A scatter plot of BNP versus the Ross score was used to assess the relation between the biomarker and clinical status. After log 2 transformation, BNP demonstrated a roughly linear relation with the Ross score ( Figure 1 ). A doubling of BNP was associated with an odds ratio for HF of 2.20 (95% confidence interval [CI] 1.36 to 3.55, p = 0.001) when the side and stage were held constant. Using univariate logistic regression analysis, and stratifying the subjects by morphology and stage, a statistically significant correlation was found between BNP and HF in the single right ventricle group, with an odds ratio for HF of 2.03 (95% CI 1.24 to 3.31, p = 0.005), and in all patients at stage II with an odds ratio of 1.5 (95% CI 1.03 to 2.16, p = 0.03).
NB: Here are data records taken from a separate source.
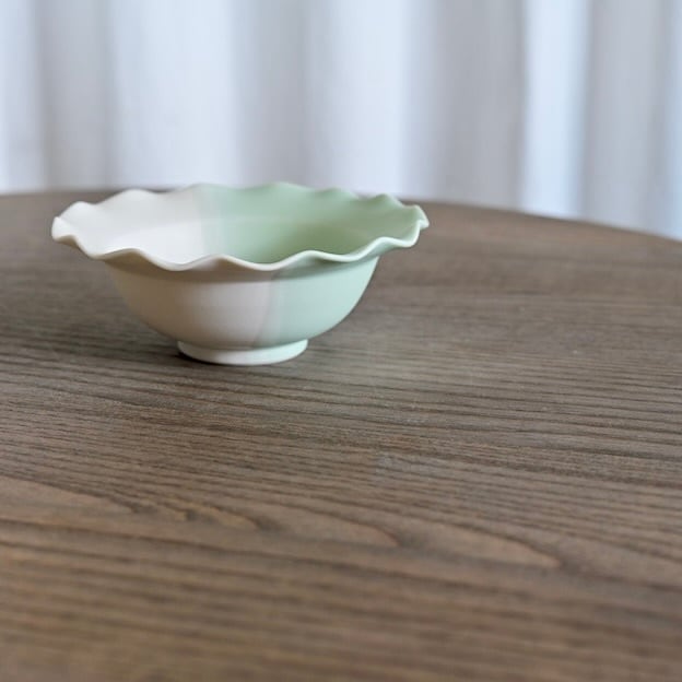 こちらは、愛らしいふりるのバイカラーの小鉢。デザートカップや副菜の器に。
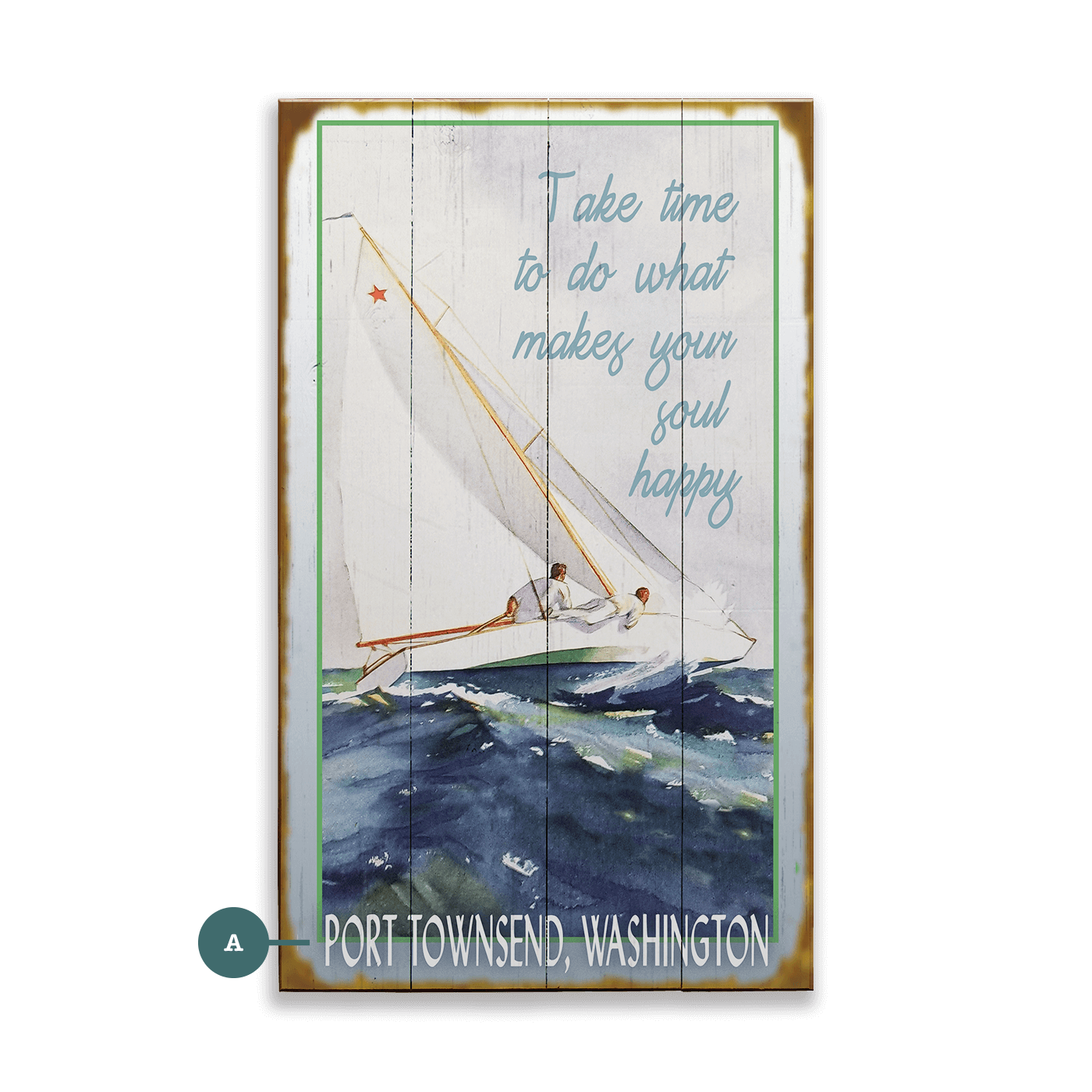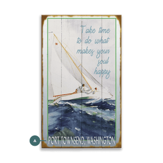 - Wood Signs: Wood signs are made from engineered wood (locally-sourced plywood). This piece features a charming wood-plank style and comes affixed with a picture hanger on the back. Wood signs are recommended for indoor use.
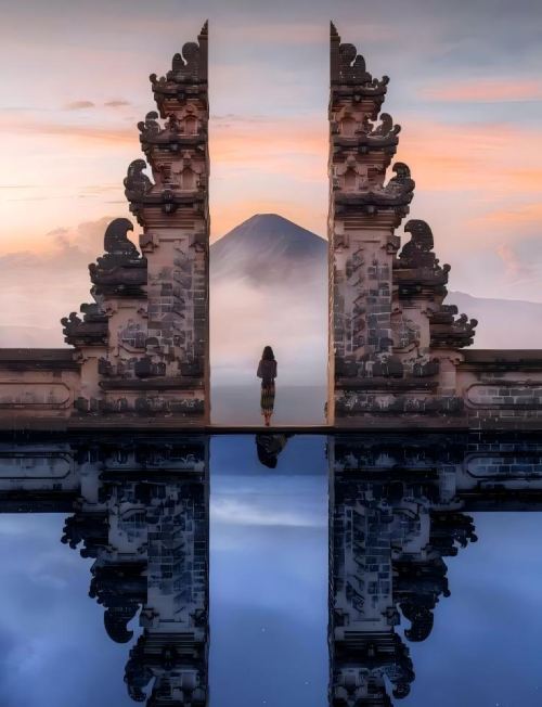 天空之门位于巴厘岛东部山区的历史悠久的印度教寺庙——Lempuyang Temple,这是一座庙宇群,天空之门是这所有的庙宇之中海拔低的一座,也是容易抵达的地方。它坐落在海拔1175米的Lempuyang山上,是巴厘岛上重要的九个方向寺庙之一。天空之门占据着得天独厚的优势位置,直面阿贡火山,似乎穿过这扇门就可以抵达另一个世界。在晴朗的天气里,透过天空之门可以直接看到阿贡火山和大海,云雾缭绕时,天空之门和寺庙则如同空中建筑,似仙境一般。

In the patients with single ventricle at stage I, the correlation between BNP and HF approached statistical significance, with an odds ratio of 2.92 (95% CI 0.90 to 9.51, p = 0.08), as did the correlation between BNP and HF among patients at stage III (odds ratio 3.51, 95% CI 0.75 to 16.5, p = 0.11). We could not preclude the possibility that our failure to detect a significant association in these 2 groups might have resulted from insufficient power. No statistically significant correlation was found between BNP and HF in the single left ventricle group (odds ratio 1.94, 95% CI 0.89 to 4.22, p = 0.095), although this too was suggestive of an association.
The ROC curve analysis of BNP data for the entire cohort met our prespecified threshold of ≥75% area contained by the curve ( Figure 1 ). The ROC analysis stratified by ventricular morphology demonstrated that the right SV group exceeded the threshold of ≥75% (c-statistic 81%); however, patients with a left SV did not (c-statistic 69%; Figure 2 ). ROC analysis of patients with a right SV stratified by stage of surgical palliation demonstrated that patients at all 3 stages of palliation exceeded the usefulness threshold (c-statistic of 82%, 77%, and 92% for stage I, II, and III, respectively; Figure 2 ). Together, logistic regression analysis and ROC curve analysis supported the conclusion that BNP is a useful biomarker of HF (Ross score ≥3) for patients with a single right ventricle at all stages of palliation.